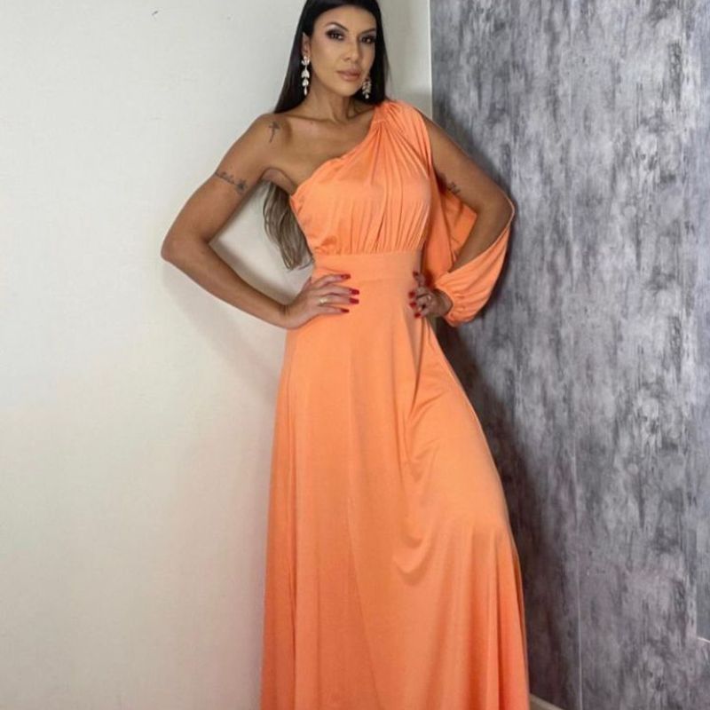 Vestido Manga Nua C Abertura Lateral Cor Salm o Coral Vestido Very well made.
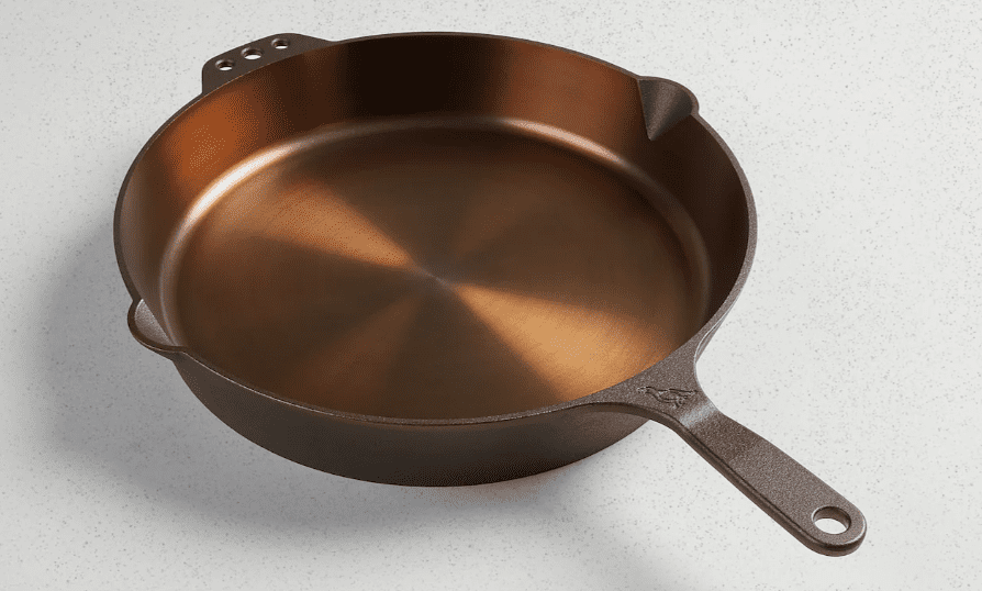 Smithey’s No. 14 skillet is the pan you reach for when you are cooking for a crowd. With a wide 14-inch top diameter and a polished cooking surface, it can handle anything from searing several steaks at once to crisping potatoes or finishing a large cornbread in the oven. The interior arrives satin smooth and pre-seasoned with oil, so it builds a naturally nonstick finish over time without relying on synthetic coatings. Pour spouts, a traditional handle, and hanging holes on both sides round out the thoughtful design.
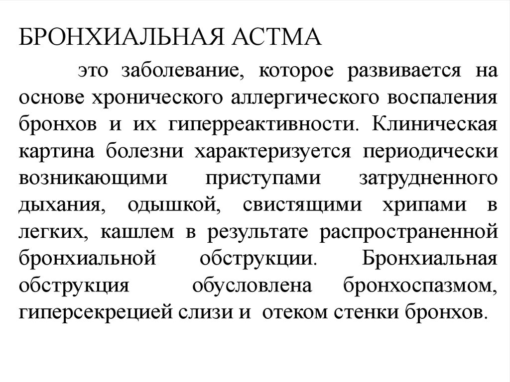 БРОНХИАЛЬНАЯ АСТМАэто заболевание, которое развивается на
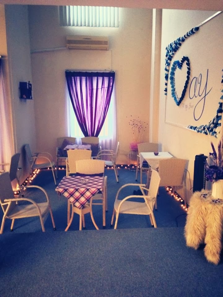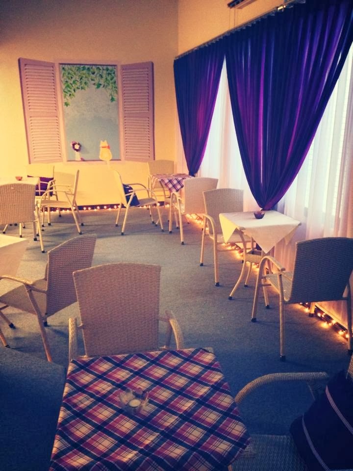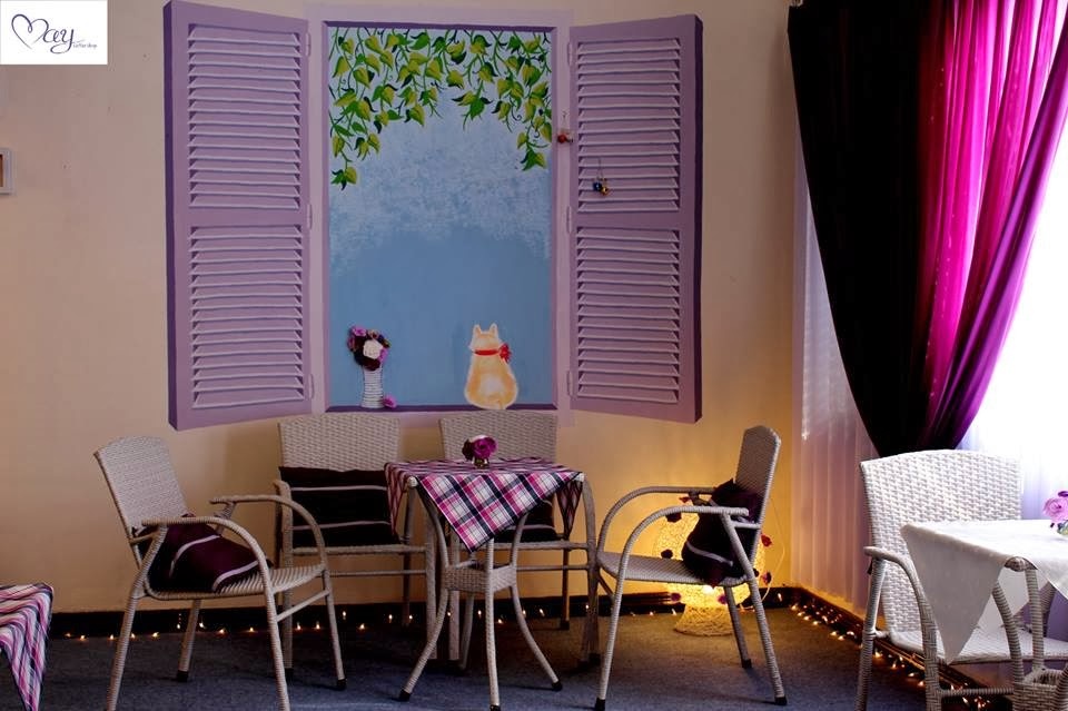 Tất cả các vật dụng, trang trí từ nhỏ nhất như hoa, mặt bàn, gối ngồi... đến những chi tiết lớn như rèm cửa, bức tường, bàn ghế... đều mang sắc tím nên không khó để thực khách nhận rõ tông màu chủ đạo của quán. Điểm đặc biệt là, dù chọn tông màu được mặc định mang đến cảm giác trầm buồn, lặng lẽ song với nghệ thuật sắp đặt, sự kết hợp tinh tế, không gian của quán không chỉ dịu nhẹ, trầm ấm mà còn mang đến những trải nghiệm khác hẳn. Dễ thấy nhất là cảm nhận trong từng góc ngồi.

→ HOW TO COMPLETE THIS TASK: Every line of the data above is to be repeated exactly; the images are to be left out.

→ TASK RESULT:
 Vestido Manga Nua C Abertura Lateral Cor Salm o Coral Vestido Very well made.
 Smithey’s No. 14 skillet is the pan you reach for when you are cooking for a crowd. With a wide 14-inch top diameter and a polished cooking surface, it can handle anything from searing several steaks at once to crisping potatoes or finishing a large cornbread in the oven. The interior arrives satin smooth and pre-seasoned with oil, so it builds a naturally nonstick finish over time without relying on synthetic coatings. Pour spouts, a traditional handle, and hanging holes on both sides round out the thoughtful design.
 БРОНХИАЛЬНАЯ АСТМАэто заболевание, которое развивается на
 Tất cả các vật dụng, trang trí từ nhỏ nhất như hoa, mặt bàn, gối ngồi... đến những chi tiết lớn như rèm cửa, bức tường, bàn ghế... đều mang sắc tím nên không khó để thực khách nhận rõ tông màu chủ đạo của quán. Điểm đặc biệt là, dù chọn tông màu được mặc định mang đến cảm giác trầm buồn, lặng lẽ song với nghệ thuật sắp đặt, sự kết hợp tinh tế, không gian của quán không chỉ dịu nhẹ, trầm ấm mà còn mang đến những trải nghiệm khác hẳn. Dễ thấy nhất là cảm nhận trong từng góc ngồi.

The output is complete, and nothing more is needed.